What do you think it will take to finally break the taboo of periods completely?
I think celebrities that continue to mention periods on-screen contribute immensely to breaking down the taboo. Also media coverage of provocative period-related campaigns is vital. It's the role of not only men stepping out of their comfort zones to have conversations with their female counterparts but also women can play a part in decreasing the level of shame and secretiveness associated with periods. We need to start being role models for our younger girls to show them we don't have to whisper about it or hide our tampons up our sleeves when we go to the restroom. If you think about it, many of us were never told as children not to mention our periods, but because our mothers and older sisters rarely discussed them, it was implied that the topic was one to conceal.

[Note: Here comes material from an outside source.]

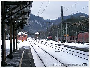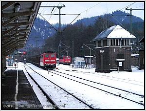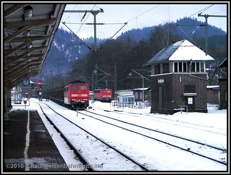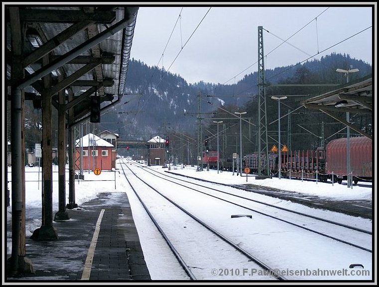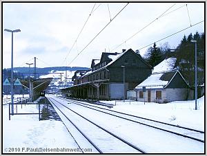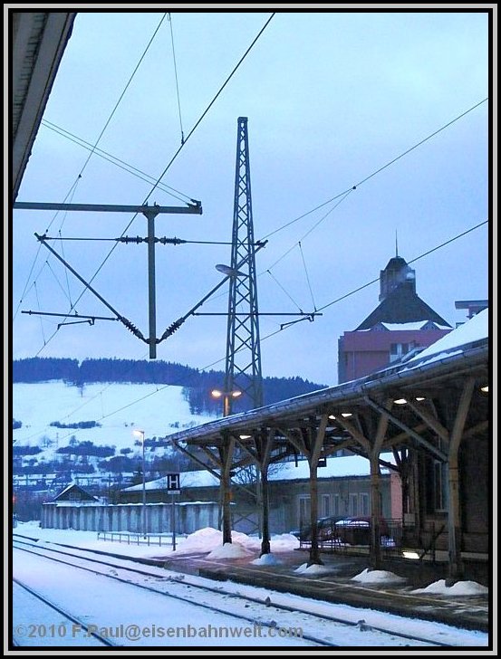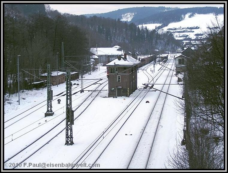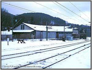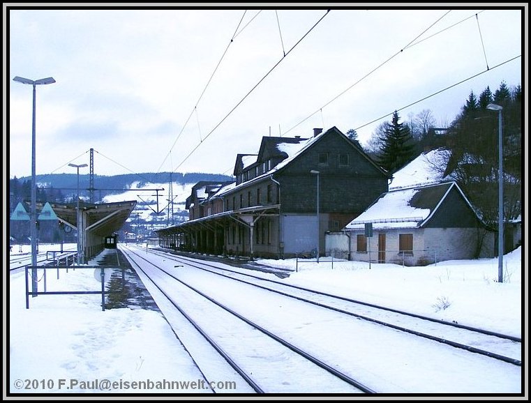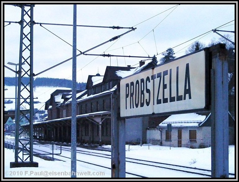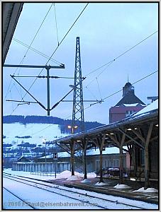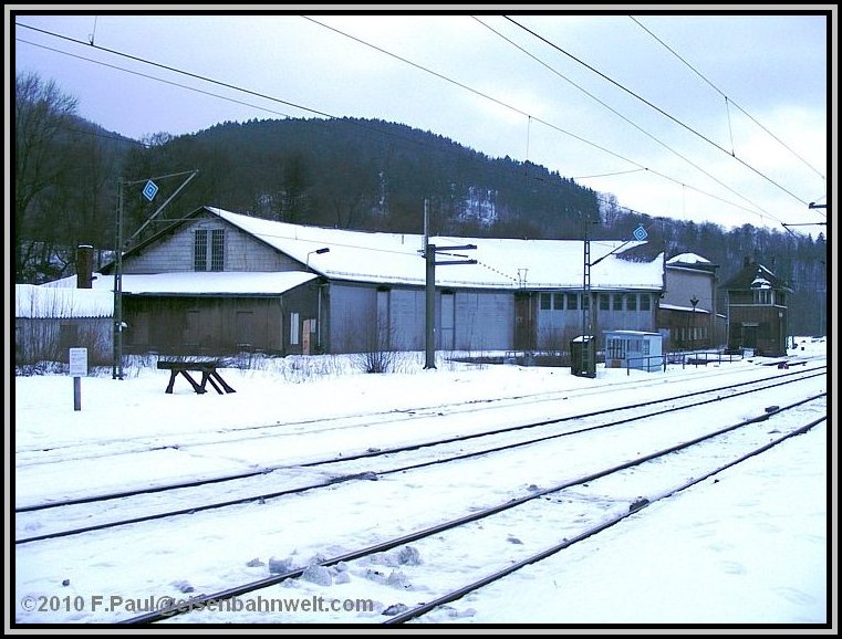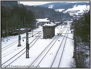 Dem am späten Nachmittag des 04.02.2010 in Probstzella aus der RB von Lichtenfels gestiegenen Reisenden bietet sich beim Zurückschauen ein interessantes Bild: Rechts das Stellwerk "Ps", links hinter der ESTW-Einheit wohl die ehemalige Grenzer-Wachbude.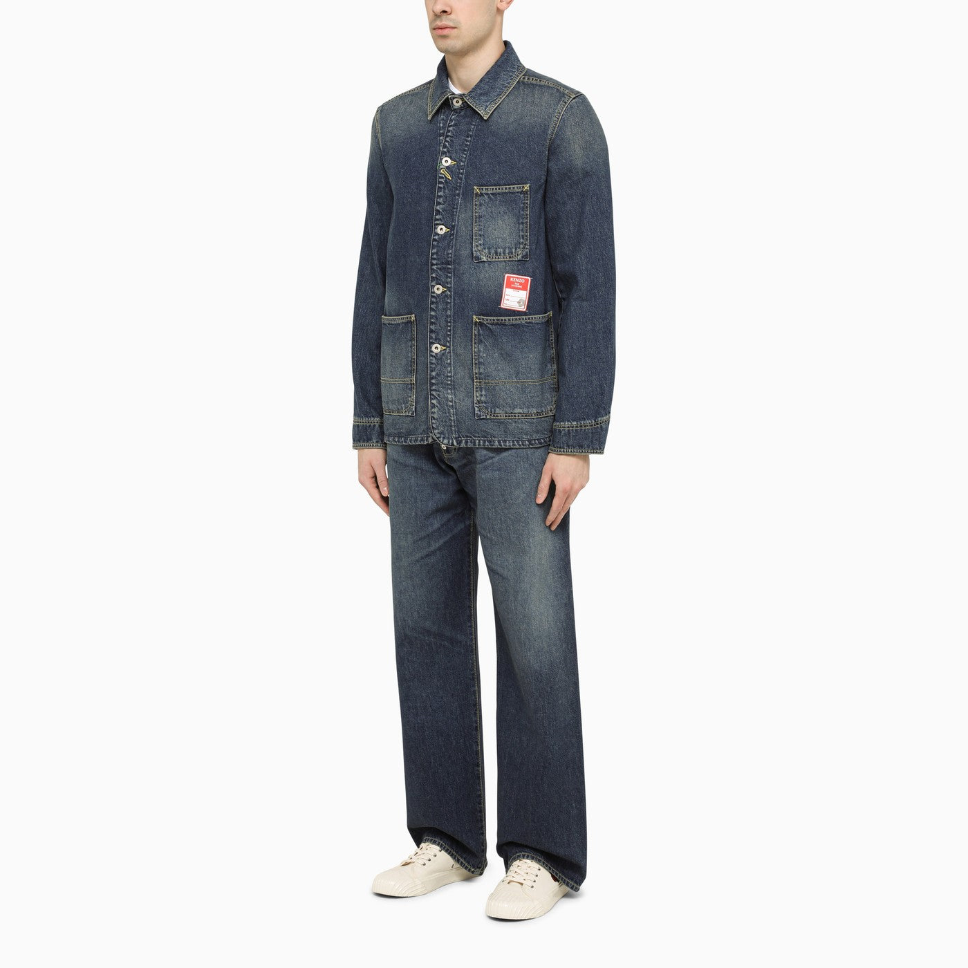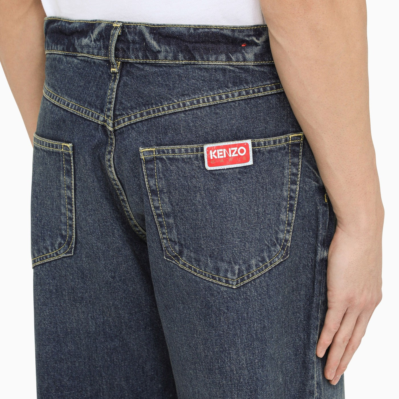 KENZO by Nigo Blue delavé cotton denim regular jeans by Kenzo featuring a cupped logo patch on the back, five pockets, contrast stitching and belt loops at the waist.

What advice would you give young women looking to start their own businesses?
I would say that if you feel something deep inside your heart telling you to start a business, do it. Starting something new is incredibly challenging but I always knew it was the right thing. I was able to find a product that I believed in aside from potential monetary gain, and that made it so much easier to keep going even when things weren't sunshine and roses. In the beginning, I think I was always looking for the "right" answers, and it took a long time for me to realise that sometimes you just have to try things and see what happens. One of my strongest recommendations is to build a network of friends starting businesses because they will understand the challenges, fears, and triumphs of running a business. You can pay money to consultants and experienced business advisors, but at the end of the day it was my founder friends who consistently provided the best sounding board when I needed advice.
What female leaders/ inspirational women in general did you look up to when you were younger?
I've always admired the work of Gloria Steinem, particularly her essay titled, "If Men Could Menstruate." When I was young my parents were constantly pointing out strong women as they have both always been feminists. My Mother was the primary breadwinner in our household as a lawyer while my Father stayed home to take care of me when I was younger, so from an early age I learned that women can be powerful and don't have to stay in traditional gender roles.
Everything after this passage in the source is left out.